В прошлое отошли времена, когда Муссолини подчеркивал свою демократичность. Сейчас он был для народа дуче — военный вождь, титул, заимствованный у древнего Рима, провидец, который всегда прав (лозунг «Муссолини всегда прав» настойчиво внедрялся в сознание каждого итальянца). Газеты вещали о фашистском стиле жизни, который требовал «быстроты, решительности, динамизма», и прочих качеств «человека эпохи Муссолини». В десятках выступлений Муссолини утверждал принцип «врожденного неравенства людей».

Казалось, фашистский режим прочно держит в руках все нити управления государством. Но именно в момент кажущегося громогласного успеха в Италии все отчетливее стали вырисовываться признаки общественного протеста, который позднее привел к мощному движению

Сопротивления. Даже профильтрованной информации, поступавшей к Грамши в тюрьму, было достаточно, чтобы воспроизвести общую картину. Мог ли Муссолини представить, что в дни его триумфа где-то в жалкой тюремной клинике человек, в котором едва теплится жизнь, трезво, как опытный шахматист, анализирует и взвешивает возможные варианты, видит в казалось бы неприступной позиции роковые слабости, неизбежно приводящие к краху фашизма. Демагогия может оглушить, усыпить, загипнотизировать, но рано или поздно приходит усталость от трескучих фраз, приходят сомнения и, в конечном итоге, прозрение. Раньше других этот процесс охватывает молодежь, именно ту часть общества, на которую любой тоталитарный режим оказывает особое давление. Может быть, в этом слове и кроется причина или одна из причин, порождающих активное противодействие, желание критически переосмыслить происходящее.
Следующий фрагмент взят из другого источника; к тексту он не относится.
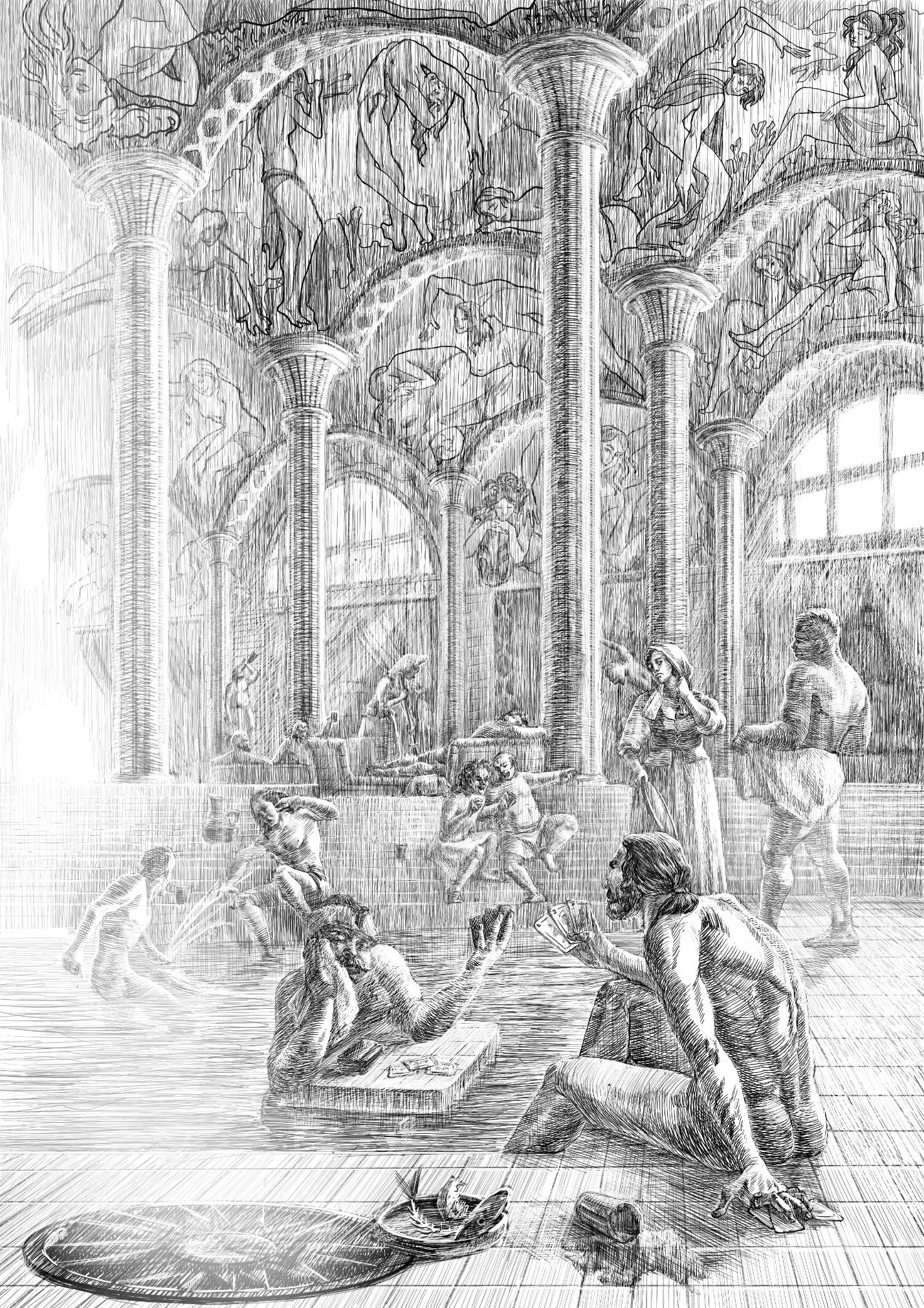 Так или иначе, в здании имелось несколько небольших залов, которые плиткой, мрамором, фресками, чистотой и комфортом едва ли отличались от тех, что находились в купальнях в центральных квадратах города. Были там два бассейна, парильные кабинеты, комнаты для массажа и грязевых процедур, альковы для развлечений. Эти залы не предназначались рабочим, лишь изредка в пьяном угаре рассуждавшим, что здание снаружи кажется больше, чем есть на самом деле. Именно в этой части купальни содержалась ее суть и причина строительства. Она была местом встреч.

Перед молодым итальянцем было три дороги: фашизм, следование по традиционному пути итальянского либерализма, коммунистическое движение. Все больше молодых людей входило в коммунистические группы.

Почти все предвидения Грамши сбылись, но ему это уже не суждено было увидеть.


После клиники Татьяна Аполлоновна зашла в лабораторию за медицинскими анализами и только потом направилась домой. Кончался холодный ясный день, какие нередко бывают зимой в Риме; в сгущающихся сумерках голые ветви платанов казались узловатыми руками, воздетыми в горестной жалобе к небу. Татьяна Аполлоновна смертельно устала, мечтала лечь и уснуть. Но посидев с четверть часа бездумно и не двигаясь, встала, зажгла спиртовку, поставила на нее кофейник и села за письмо в Москву.


«Рим, 16 февраля 1937г.

Дорогая Юличка,

мне очень жаль, что с этой почтой Антонио не может написать тебе письмо, вот уже больше трех недель, как он стал чувствовать сильное недомогание, страдает сильными головными болями, бессонницей, и вследствие этого чувствует слабость. И вот уже две недели как он не встает с постели».

Кофейник настойчиво забулькал. Она потушила спиртовку, налила в чашку черную как деготь жидкость (Татьяна Аполлоновна из-за сердца старалась не пить крепкий кофе, но сегодня надо побороть усталость), накрыла кофейник цветастой русской «бабой» (московский подарок), обжигаясь, торопливо сделала несколько глотков и продолжила:

«...Сегодня, когда я пришла в клинику в двенадцать часов, Антонио не слыхал, как я вошла, и лежал пластом, так прошло около получаса, пока я закашлялась, и он тогда сразу отозвался, и очень жалел, что я не позвала сразу, как пришла. У него сегодня страшная головная боль. Когда принесли обед и я стала ему помогать есть, он опять-таки выразил сожаление о том, что я его но позвала раньше. Этим он хотел сказать, что мы должны были вместе сговориться о том, что я должна тебе написать от его имени, так как он не в состоянии это сделать сам.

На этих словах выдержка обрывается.